Luke Cage – Segunda Temporada | Crítica

Novos episódios pecam por falta de foco

Cesar Gaglioni Publicado por Cesar Gaglioni
Luke Cage - Segunda Temporada | Crítica

Em 2016, quando a primeira temporada de Luke Cage estreou, escrevi um texto tecendo vários elogios para a série e a forma como ela foi conduzida. Dois anos depois, gostaria de fazer o mesmo com o segundo ano do programa, mas, infelizmente, isso não será possível.

A segunda temporada de Luke Cage possui um ritmo todo truncado. Ora o roteiro quer ser frenético, acelerado e cheio de ação, como uma aventura Marvel nos cinemas. Já em outro momento, minutos depois, quer parar para refletir profundamente sobre as questões sociopolíticas apresentadas no primeiro ano, deixando o fluxo da trama completamente de lado para isso. O showrunner Cheo Hodari Coker não sabe qual caminho quer seguir, e acaba sacrificando o andamento da narrativa nessas idas e vindas.

Os novos episódios começam com Luke (Mike Colter) já consagrado como um grande herói e celebridade do Harlem e fazendo tudo que está ao seu alcance para garantir o bem estar da comunidade. Tudo muda com a chegada de John McIver, o alterego do vilão Bushmaster, que está no bairro para terminar uma jornada de vingança iniciada décadas antes. Nesse embate, o protagonista precisará enfrentar grandes desafios e questionará suas próprias decisões e seu papel no mundo enquanto herói.

Esses conflitos internos de Luke são um dos pontos fortes da temporada, e colocam em xeque a ideia maniqueísta de bem e mal que domina completamente as HQs de super-herói. Colter, que já tinha brilhado no papel na primeira temporada, dá ao Poderoso uma profundidade dramática que é bem executada, mostrando o potencial incrível que o personagem tem e que acaba sendo mal explorado pelas decisões de roteiro.

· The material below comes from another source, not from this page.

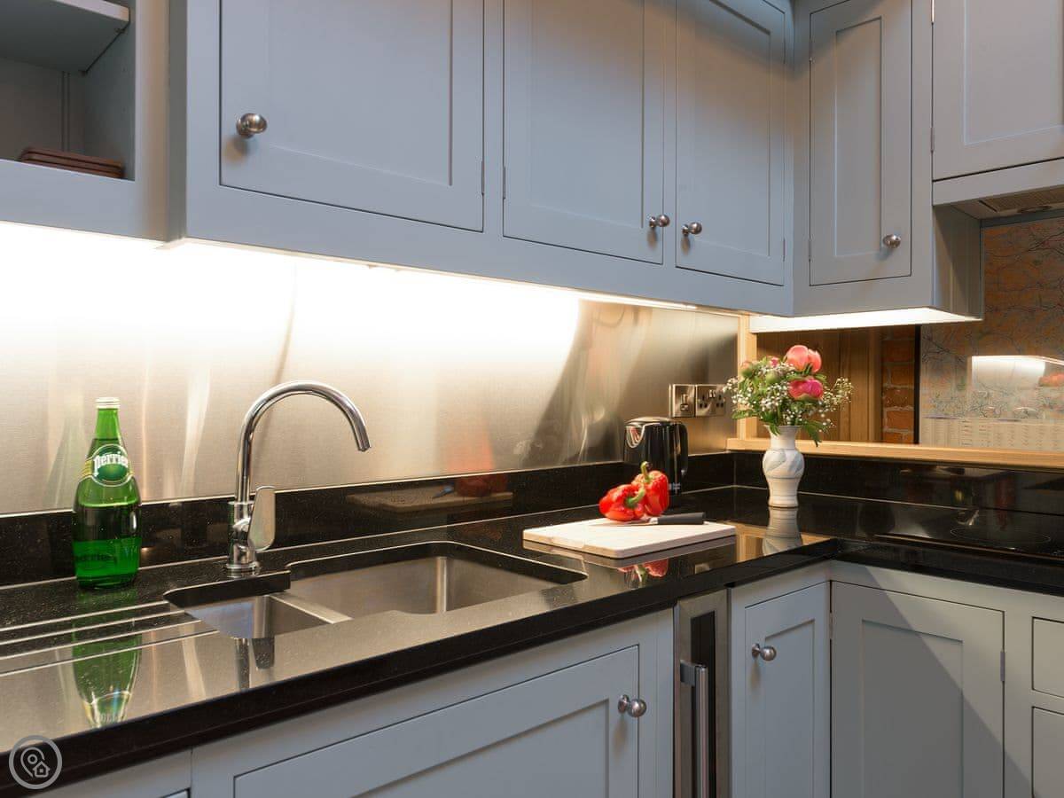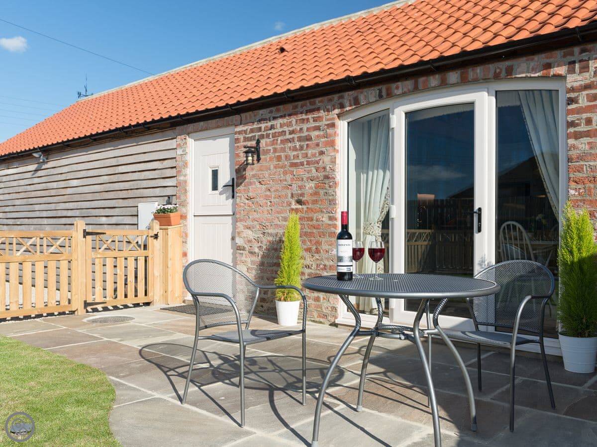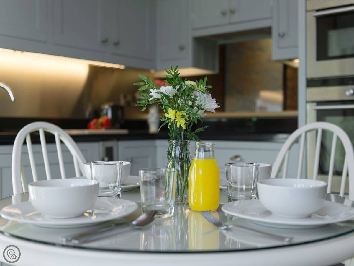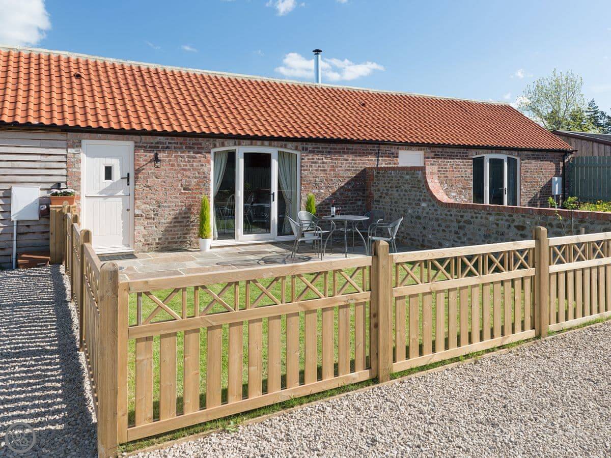 Inside it's warm. There's a wood burner if you want a fire. We leave you some logs. It has a proper kitchen with a dishwasher and a washing machine. Outside there's an enclosed garden with a patio. You can sit out there without worrying about the dog, but we don't allow pets. Sorry.

Apesar de Colter brilhar, quem realmente rouba a cena é Mustafa Shakir, intérprete  de Bushmaster. O ator dá um ar trágico digno de uma peça de Shakespeare e consegue gerar empatia pela figura nefasta que é o vilão. Em um discurso que explica suas motivações logo nos primeiros episódios da temporada, podemos ver que seus ideais e os ideais de Cage não estão tão distantes assim, e que a principal diferença entre os dois foi o método escolhido para atingir os objetivos.

Outro ponto forte da segunda temporada de Luke Cage é a dinâmica de Misty Knight (Simone Missick) e Colleen Wing (Jessica Henwick), que consegue dar um gostinho de como poderia ser uma série das Filhas do Dragão, dupla consagrada nas HQs, dentro do Universo Marvel/Netflix. Luke e Punho de Ferro (Finn Jones) também atuam juntos em alguns momentos pontuais, e as situações são um grande fan service para aqueles que gostam dos Heróis de Aluguel, equipe formada pelos dois.

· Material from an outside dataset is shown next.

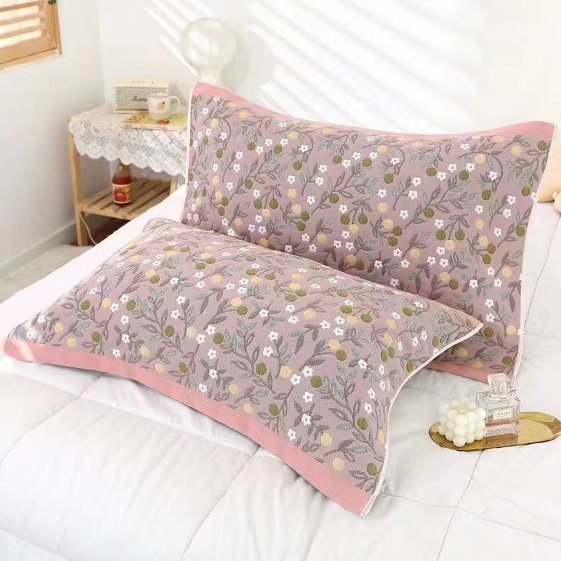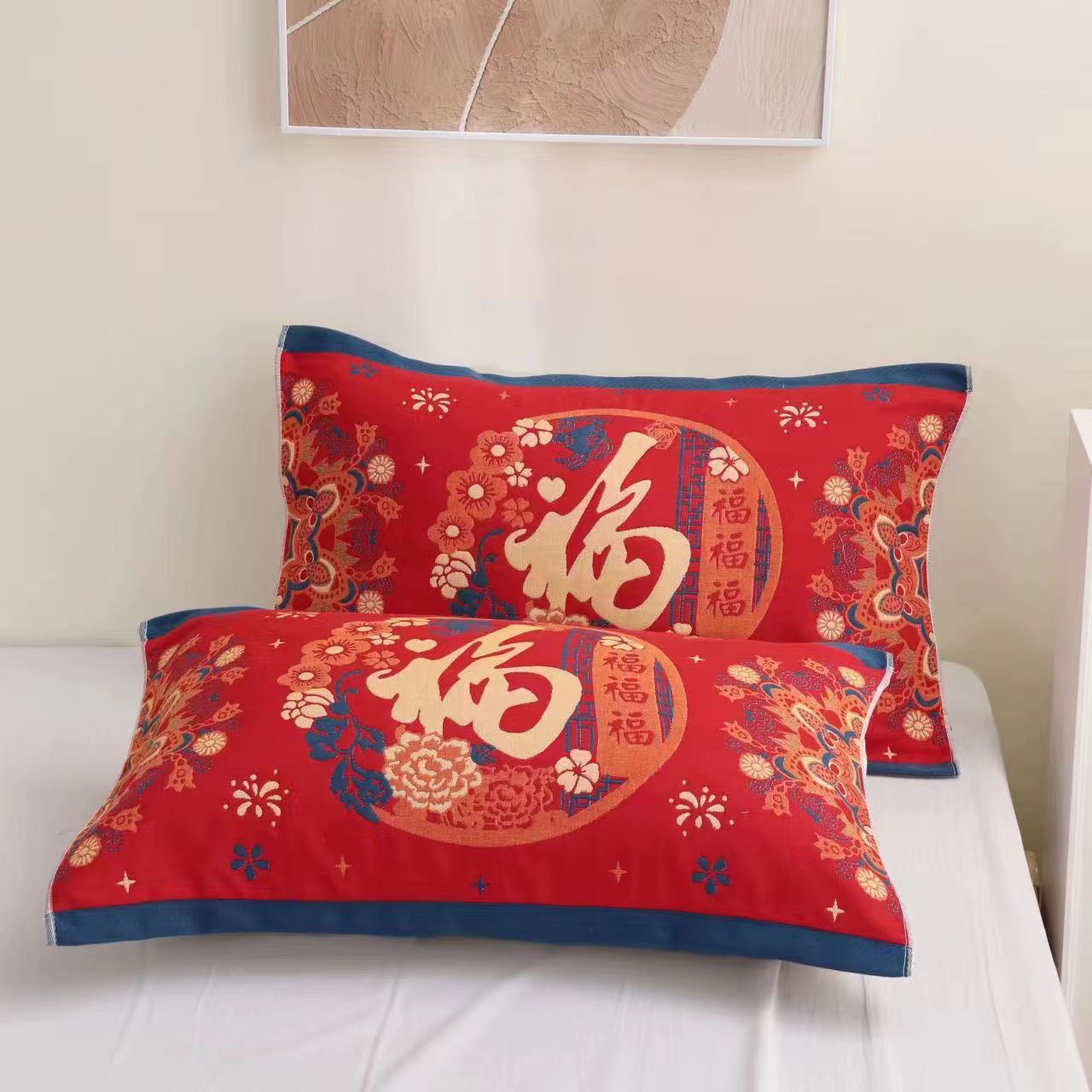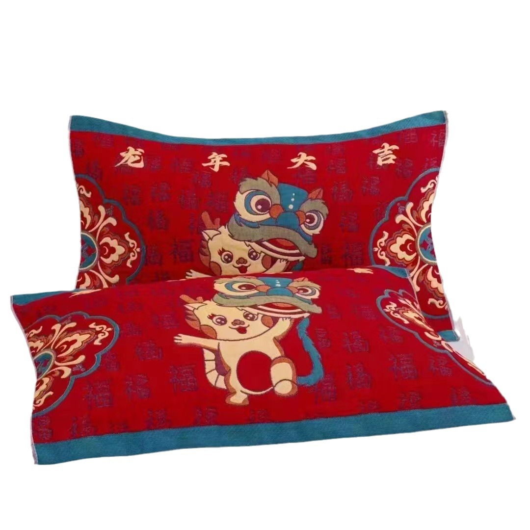 Наволочка из хлопковой марли для пар с мультяшным жаккардом утолщенная восемь слоев дышащая

Incrivelmente, Danny Rand está menos irritante do que em sua própria série (e em Os Defensores), mostrando que, pelo menos nesse momento, encontraram uma forma de trabalhar o personagem de maneira divertida — só nos resta torcer para que esse caminho continue nas próximas aparições do herói.

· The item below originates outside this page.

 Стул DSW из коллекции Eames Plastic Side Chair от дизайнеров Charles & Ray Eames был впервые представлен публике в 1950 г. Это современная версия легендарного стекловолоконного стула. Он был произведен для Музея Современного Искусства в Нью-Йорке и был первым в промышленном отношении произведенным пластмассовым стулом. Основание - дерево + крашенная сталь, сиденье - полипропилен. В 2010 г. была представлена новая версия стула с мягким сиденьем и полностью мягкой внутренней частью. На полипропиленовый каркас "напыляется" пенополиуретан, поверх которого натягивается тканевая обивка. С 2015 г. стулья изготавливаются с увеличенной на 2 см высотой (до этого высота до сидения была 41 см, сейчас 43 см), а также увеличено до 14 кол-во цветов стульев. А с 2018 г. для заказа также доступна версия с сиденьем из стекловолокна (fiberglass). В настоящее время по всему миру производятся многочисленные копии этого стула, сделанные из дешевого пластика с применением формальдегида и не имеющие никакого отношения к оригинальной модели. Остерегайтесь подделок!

Em termos de direção, a série do Poderoso continua se sobressaindo se comparada às outras séries da Marvel/Netflix, apostando mais uma vez em tons quentes e em cenários diurnos que se afastam da escuridão sem fim e da melancolia latente de Demolidor e Jessica Jones.

A nova temporada de Luke Cage possui elementos fortes e bem executados, mas que quando analisados no contexto geral de um arco narrativo com começo, meio e fim, são prejudicados pela falta de ritmo e outras decisões de Cocker. Ao fim dos (longos) 13 episódios, fica a sensação de que, apesar dos bons momentos, assistimos a algo completamente dispensável, sem personalidade, sem nada de relevante a dizer e, o pior de tudo, sem uma história interessante para contar.